We are frequently forced to study existing groups that are being treated differently rather than have the luxury of being able to allocate people to conditions. Thus, we may in effect be comparing the health policies and services of a number of different hospitals and clinics. Such ‘quasi-experimental designs’ are used to compare treatments in as controlled a manner as possible, when, for practical reasons, it is impossible to manipulate the independent variable, the policies, or allocate the participants.

The advantage of an RCT is that differences in the outcome can be attributed with more confidence to the manipulations of the researchers, because individual differences are likely to be spread in a random way between the different treatments. As soon as that basis for allocation of participants is lost, then questions arise over the ability to identify causes of changes or differences between the groups; in other words, the internal validity of the design is in question.

Randomized controlled trials are complex operations to manage and describe, which has led to a difficulty in replication of RCTs. To help solve this problem, the CONSORT guidelines for RCTs published by Moher et al. (2001) and the TREND statement for non-randomized studies (Des Jarlais et al., 2004) were intended to bridge the gap between intervention descriptions and intended replications. These guidelines have driven efforts to enhance the practice of reporting behaviour change intervention studies. Davidson et al. (2003) expanded the CONSORT guidelines in proposing that authors should report: (1) the content or elements of the intervention; (2) the characteristics of those delivering the intervention; (3) the characteristics of the recipients; (4) the setting; (5) the mode of delivery; (6) the intensity; (7) the duration; and (8) adherence to delivery protocols/manuals.

Another issue with RCTs has been bias created by industry sponsorship. Critics claim that research carried out or sponsored by the pharmaceutical industry should be treated with a high degree of suspicion as the investigators may have a hidden bias that can affect their ability to remain independent. Lexchin et al. (2003) carried out a systematic review of the effect of pharmaceutical industry sponsorship on research outcome and quality. They found that pharmaceutically sponsored studies were less likely to be published in peer-reviewed journals. Also, studies sponsored by pharmaceutical companies were more likely to have outcomes favouring the sponsor than were studies with other sponsors (odds ratio 4.05; 95% confidence interval 2.98–5.51). They found a systematic bias favouring products made by the company funding the research.

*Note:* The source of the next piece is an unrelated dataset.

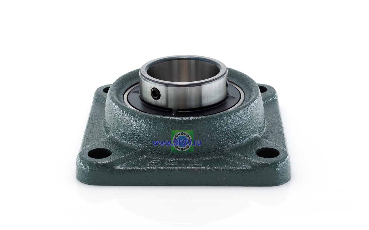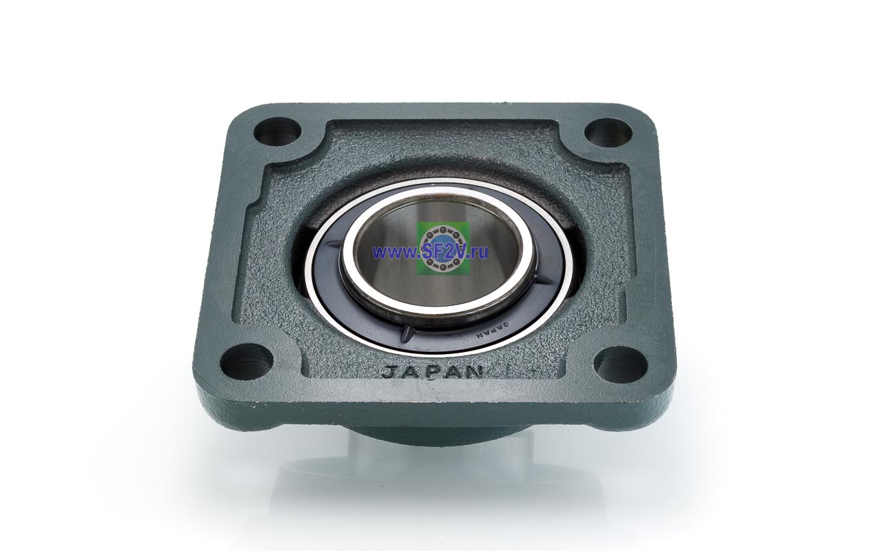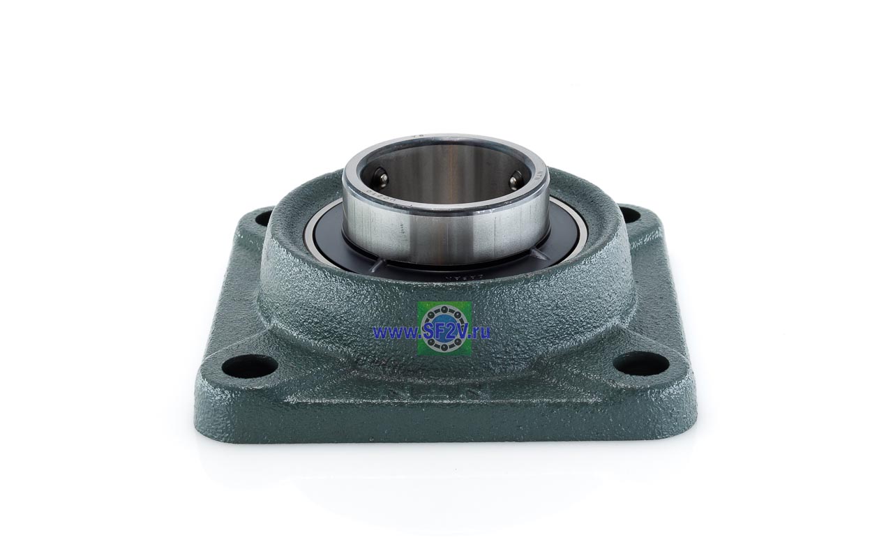 UCF - Подшипник с корпусом в сборе. Подшипник типа UC и подшипниковый корпус типа F - не разъемный, стационарный, фланец квадратного сечения, с четырьмя отверстиями для крепежных болтов, выполненный из литого чугуна, снабжен ниппелем для проведения сервисных работ по замене смазки.

There have been significant abuses of RCTs in clinical and drug trials. Many trials have not been registered so that there is no record of them having been carried out. Trials showing non-significant effects have been unreported, which distorts the evidence base by suggesting that a drug is better than it actually is. Placebo control conditions have been manipulated to enhance drug effects. The double-blind requirements for RCTs have been broken. Investigators who have received funding from drug companies have written biased or misleading reports. Ghost writers have been employed to write glowing reports. These abuses have led to the wastage of public funds on ineffective drugs and treatments, missed opportunities for improving treatments, and trials being repeated unnecessarily.

The AllTrials movement is campaigning to remove these abuses and to obtain publication of all clinical trials (see www.alltrials.net/).